Hugs and Kisses, The Outbursts of Everett True: Stolen Recordings

Plan B publisher Everett True is baaaaaaaack. Last week, he recalled knowing who the Pipettes were way before you. This week, he reminds you once again that he was there and you weren't. Oh yeah, he once wrote a book called Nirvana: The Biography (da Capo Press), which is useful to know before reading this column. E-mail Everett at everett@planbmag.com.


Pete and the Pirates.

Hugs and Kisses

The Outbursts of Everett True

This Week: Stolen Recordings

No one's ever headhunted me to be an A&R person.

This is unusual, least where I come from. Once you attain a certain level of success--or, at least, notoriety--as a music journalist, record companies are usually queuing up to be clued in. Jeez, man: didn't they know I was the man who helped bring Sub Pop (Nirvana, Soundgarden, Screaming Trees) Records to global recognition, released the first record on Creation (Oasis, Jesus And Mary Chain, Primal Scream) Records, was drinking buddies with. . . No, wait. They were right. Aside from running two abortive labels, one in the Eighties (Dog-Faced Hermans), the other in the Nineties (Comet Gain) and an approach from a 4AD-style record company around 1991 (which I may well have put the kibosh on by stating I didn't like any of the bands they'd signed), no one ever had a sniff round me. And, as I say, they were correct not to come near me.

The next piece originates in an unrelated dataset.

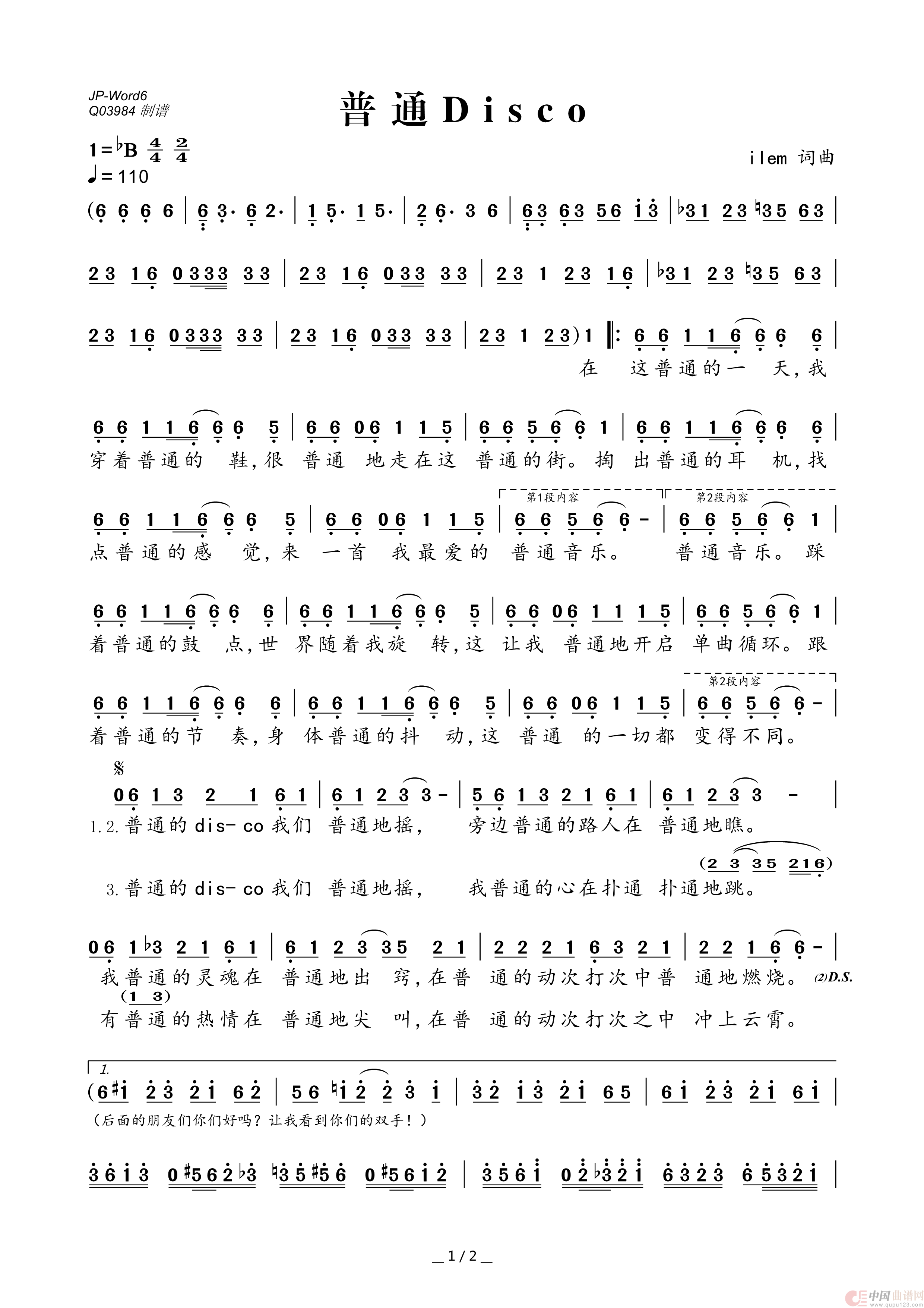 曲谱:普通DISCO

One of the questions I'm most frequently asked about Nirvana--aside from "Are you still in contact with Courtney Love?" NO, I'M FUCKING NOT!--is, "When did you first know that Nirvana were going to be massive?" Like sales is somehow relevant to enjoyment, like the reason a band first touches me is because I think a million other saps are going to be playing them as background music to their misbegotten existences. Let me state this here and now, bluntly, so everyone gets it: I NEVER KNEW NIRVANA WERE GOING TO BE MASSIVE. To me, they were just another great rock band among a thousand great rock bands that I've been privileged enough to see play live.

Overwhelmingly, the other 99 per cent of those bands never went on to press about 500 copies of their one record, and sell more than about half of that number. When I first reviewed Nirvana, I made 'Love Buzz' single of the week in Melody Maker in the company of The U-Men and Some Velvet Sidewalk, two other great ass-kicking bands from the Pacific Northwest. I didn't feel one was particularly better than the next (although pushed, I'd have gone for The U-Men), I just felt all were amazing. The U-Men and Some Velvet. . .who? Precisely.

It has long been accepted among my more professional peers (ie: the ones who actually make money for doing what they love) that if Everett True likes a band, it's the commercial kiss of death. It works in reverse, as well--I used to pride myself on recognizing commercial shit way before anybody else, and sticking the boot in way before the herd: Smashing Pumpkins, Pearl Jam, Stereophonics, Radiohead, David Gray, Cranberries. . .I was there, man, manning the barricades.